TASK REQUIREMENTS: Where a record holds a picture, leave the picture out; otherwise repeat every record exactly.

[Recorded data]
= = = =
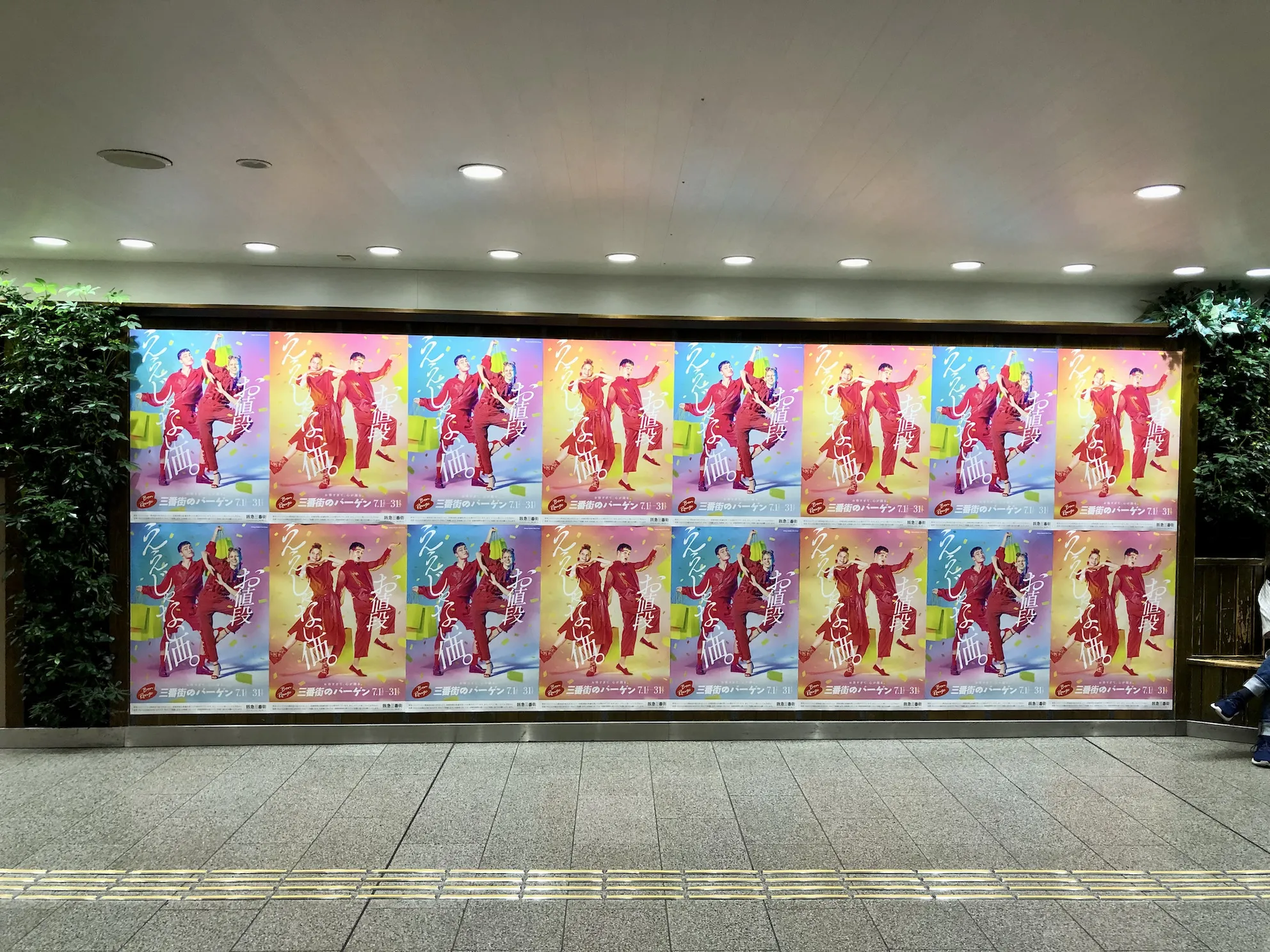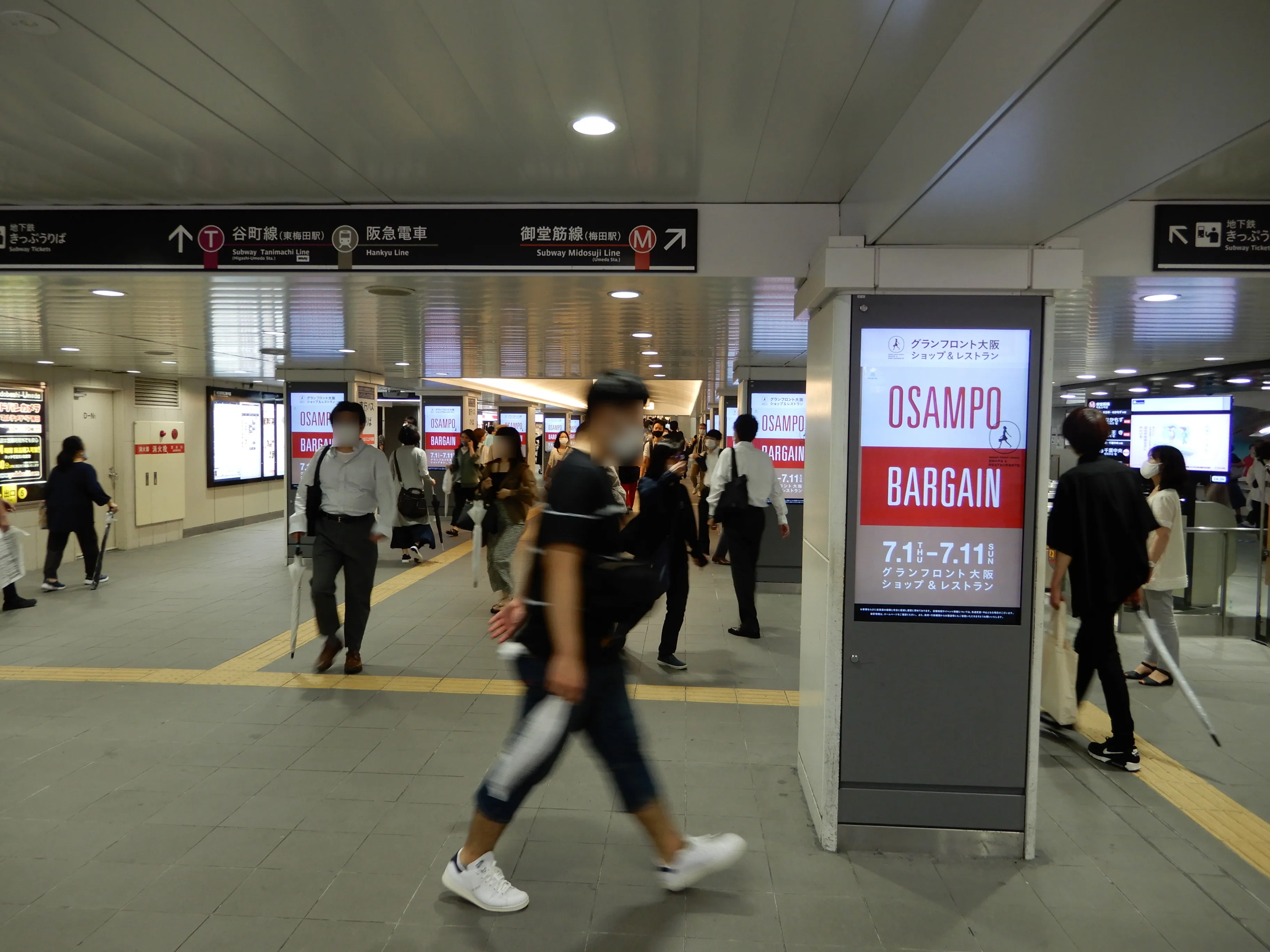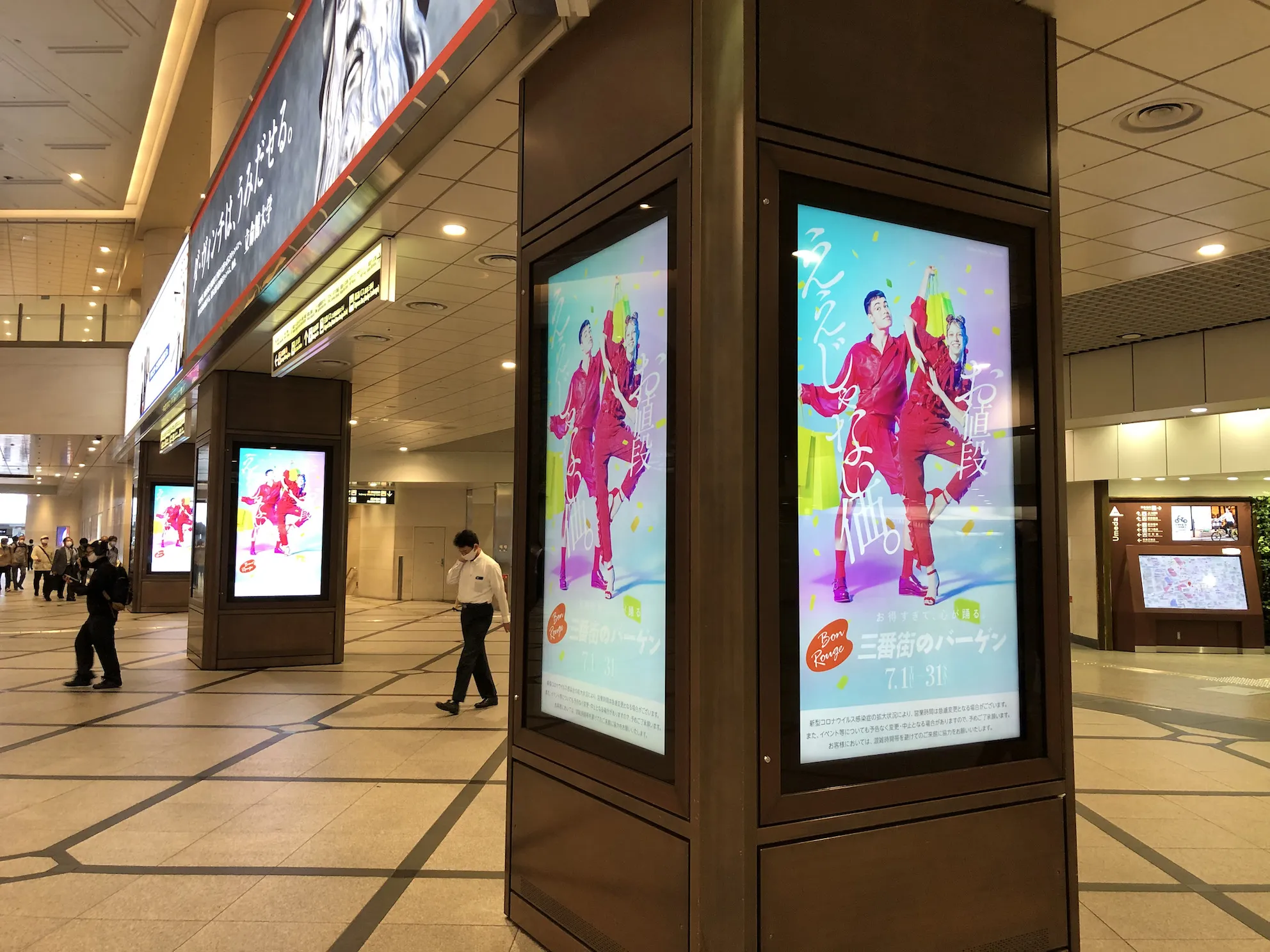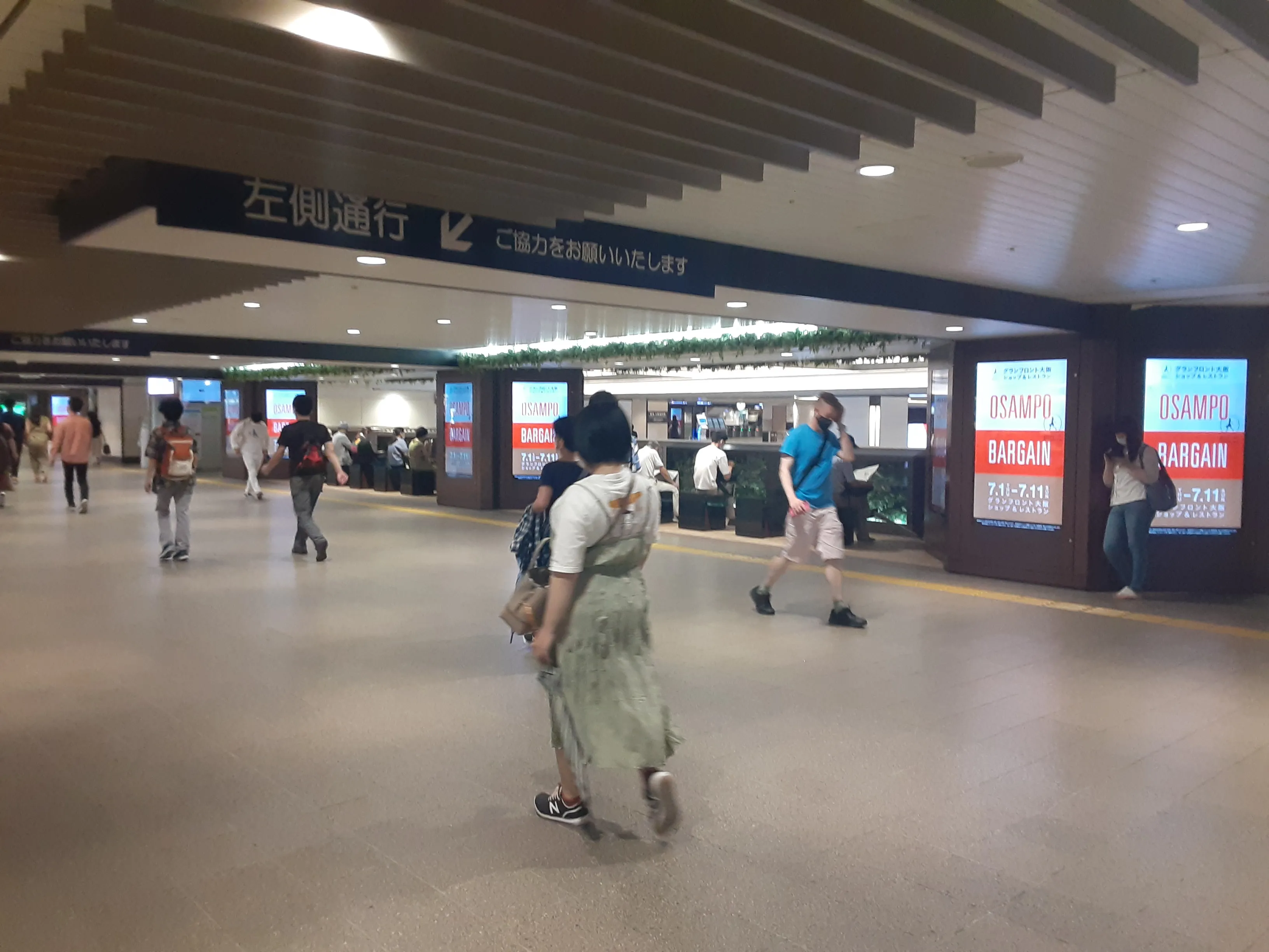 OSAMPO BARGAIN(お散歩バーゲン)と銘打って駅に広告を出しています。毎年バーゲンの時期は「OSAMPO BARGAIN」と称して開催されており、今回は赤と白のシンプルなビジュアルになっています。Osaka Metro(大阪メトロ)梅田駅・阪急大阪梅田駅のコンコースに掲出されていました。改札付近など、サイネージは人通りが多い所を中心に設置されているので、多くの人にPRしたいときにはピッタリです。
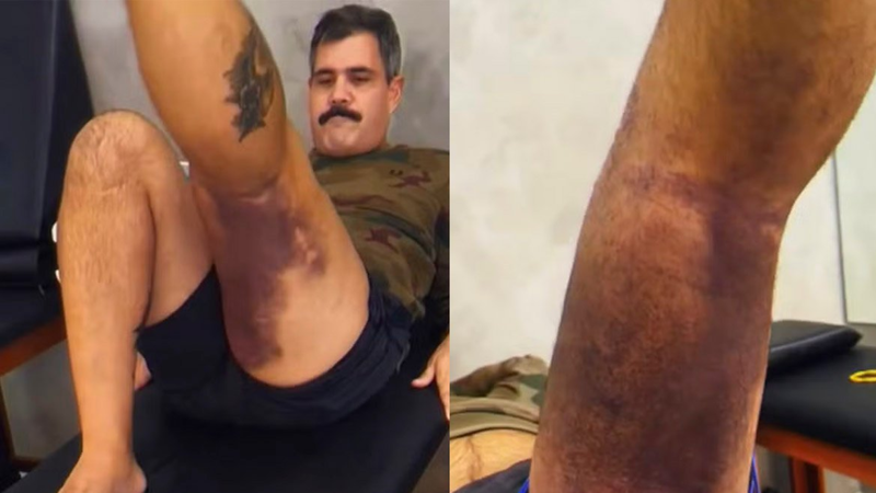 Juliano Cazarré exibe hematomas chocantes ao iniciar reabilitação após cirurgia no joelho
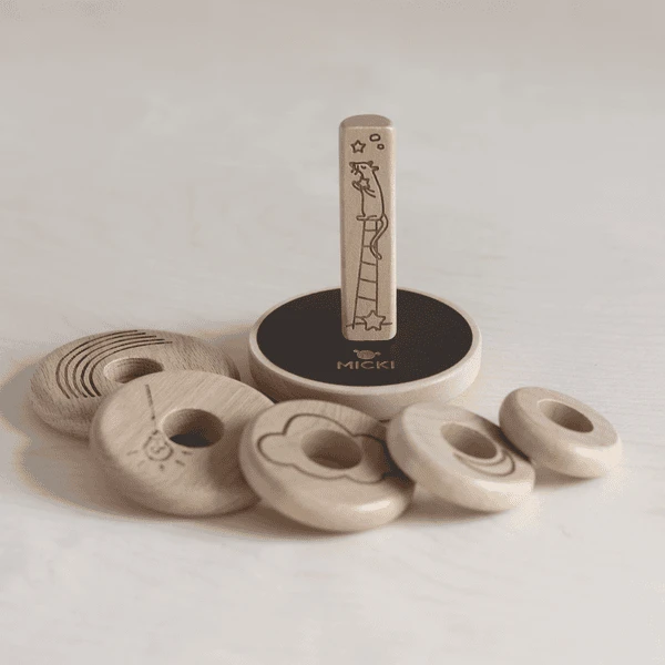 - De premium houten versie van Micki s stapelspeelgoed heeft gegraveerde illustraties van een muisje dat langs de stok klimt.
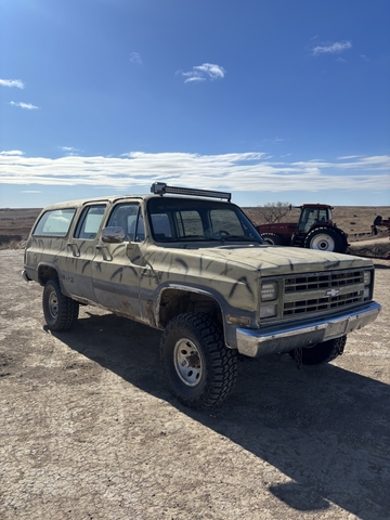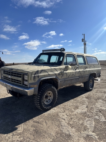 1987 Chevy Suburban 1500. 350 Chevy TBI Auto transmission 4wd . Runs and drives very good. Cruises 70 down road no problem , 4wd works great , tranny shifts good. New water pump. Brand new tires, gun rack overhead. Heat works good, all gauges work. LED headlights and light bar. No leaks, perfect hunting wagon. 3700 obo 785 six5seven 70ninefour
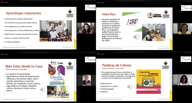 La coordinadora de Frecuencia Bolivariana, María Giset Escudero Negrete, participó como moderadora del conversatorio «Retos y oportunidades que nos dejó la Pandemia» en el XVII Encuentro de La Red de Radio Universitaria de Colombia, bajo el lema “Cinco regiones, un país».
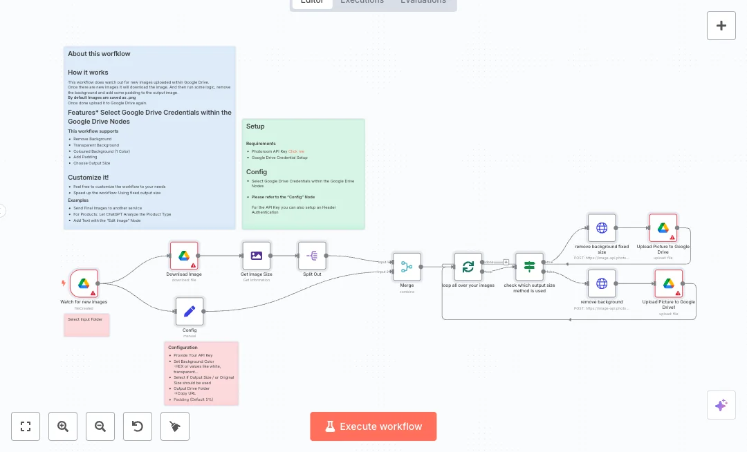 Setup needs a Google Drive connection and a Photoroom API key. Expect faster product page launches, quicker ad builds, and less time in manual editors. Use it for catalogs, marketplace listings, social ads, and pitch decks. Follow the steps to set folders, add the API key, choose size rules, and test with a sample upload.
= = = =
ANSWER TO THE EXERCISE:
 OSAMPO BARGAIN(お散歩バーゲン)と銘打って駅に広告を出しています。毎年バーゲンの時期は「OSAMPO BARGAIN」と称して開催されており、今回は赤と白のシンプルなビジュアルになっています。Osaka Metro(大阪メトロ)梅田駅・阪急大阪梅田駅のコンコースに掲出されていました。改札付近など、サイネージは人通りが多い所を中心に設置されているので、多くの人にPRしたいときにはピッタリです。
 Juliano Cazarré exibe hematomas chocantes ao iniciar reabilitação após cirurgia no joelho
 - De premium houten versie van Micki s stapelspeelgoed heeft gegraveerde illustraties van een muisje dat langs de stok klimt.
 1987 Chevy Suburban 1500. 350 Chevy TBI Auto transmission 4wd . Runs and drives very good. Cruises 70 down road no problem , 4wd works great , tranny shifts good. New water pump. Brand new tires, gun rack overhead. Heat works good, all gauges work. LED headlights and light bar. No leaks, perfect hunting wagon. 3700 obo 785 six5seven 70ninefour
 La coordinadora de Frecuencia Bolivariana, María Giset Escudero Negrete, participó como moderadora del conversatorio «Retos y oportunidades que nos dejó la Pandemia» en el XVII Encuentro de La Red de Radio Universitaria de Colombia, bajo el lema “Cinco regiones, un país».
 Setup needs a Google Drive connection and a Photoroom API key. Expect faster product page launches, quicker ad builds, and less time in manual editors. Use it for catalogs, marketplace listings, social ads, and pitch decks. Follow the steps to set folders, add the API key, choose size rules, and test with a sample upload.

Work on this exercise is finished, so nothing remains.